An embassy is the headquarters for U.S. Government representatives serving in a foreign country.
It is normally led by an ambassador, who is the U.S. President’s representative to the host country. An embassy is normally located in the capital city. It may have branches, known as consulates, in other cities.
U.S. embassies and consulates abroad, as well as foreign embassies and consulates in the United States, have a special status. While the host government is responsible for the security of U.S. diplomats and the area around an embassy, the embassy itself belongs to the country it represents. Representatives of the host country cannot enter an embassy without permission — even to put out a fire — and an attack on an embassy is considered an attack on the country it represents.
The ambassador, also known as the chief of mission, is the highest-ranking diplomat to the host country and is the personal representative of the President. He or she is comparable to a CEO of a corporation and has to be a strong leader and a good manager. He or she is supported by a deputy, known as the deputy chief of mission, and a team of U.S. Foreign Service Officers and specialists from the Department of State. He or she may also be supported by representatives from other U.S. agencies, such as the U.S. Agency for International Development, the Departments of Defense, Commerce, Justice, Homeland Security, and Agriculture, among others. No matter their agency, all employees work under the direction of the ambassador.
The primary purpose of an embassy is to assist American citizens who travel to or live in the host country. U.S. Foreign Service Officers also interview citizens of the host country who wish to travel to the United States for business, education, or tourism purposes. Embassy staff interact with representatives of the host government, local businesses, nongovernmental organizations, the media and educational institutions, as well as private citizens to increase understanding of the United States and its policies and to collaborate on shared interests. Embassy staff analyze the political and economic situation in the host country and report back to the Department of State on issues that affect the United States. They help U.S. businesses find partners and customers and may train the host government’s police and military to support better security in the country. They also sponsor educational, professional, and cultural exchanges to introduce emerging and established leaders to the United States and to promote ties between U.S. and foreign students, academics, scientists, entrepreneurs, political, religious, and civil society figures.

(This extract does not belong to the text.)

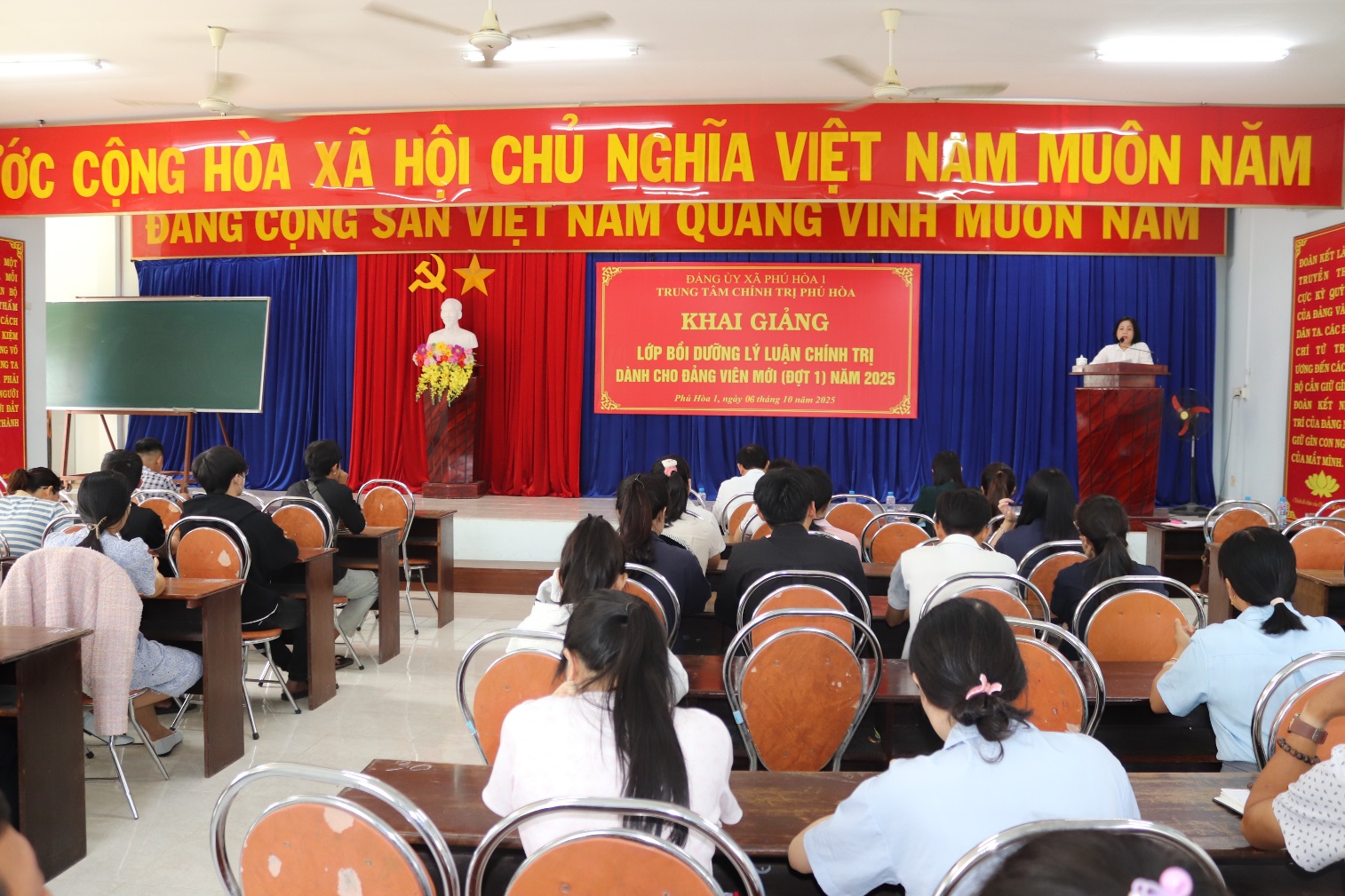 Sáng 6/10, Trung tâm Chính trị Phú Hòa khai giảng lớp bồi dưỡng lý luận chính trị (đợt 1) năm 2025 cho 65 đảng viên mới thuộc các tổ chức Đảng trên địa bàn 2 xã Phú Hòa 1 và Phú Hòa 2.

While Americans work at embassies and consulates, most of the staff comes from the host country. These employees are essential to the success of any embassy because they know the local culture, have essential skills, or are well connected to government and civil society leaders.
A large embassy may have annexes. The main embassy building is called the chancery. As the public face of the United States, it is often an architectural work of art. In some countries, American staff may live on the embassy compound, but they frequently live in apartments or houses in the host city. The ambassador’s residence is often used for official functions, and its public areas are often decorated with American art on loan from museums.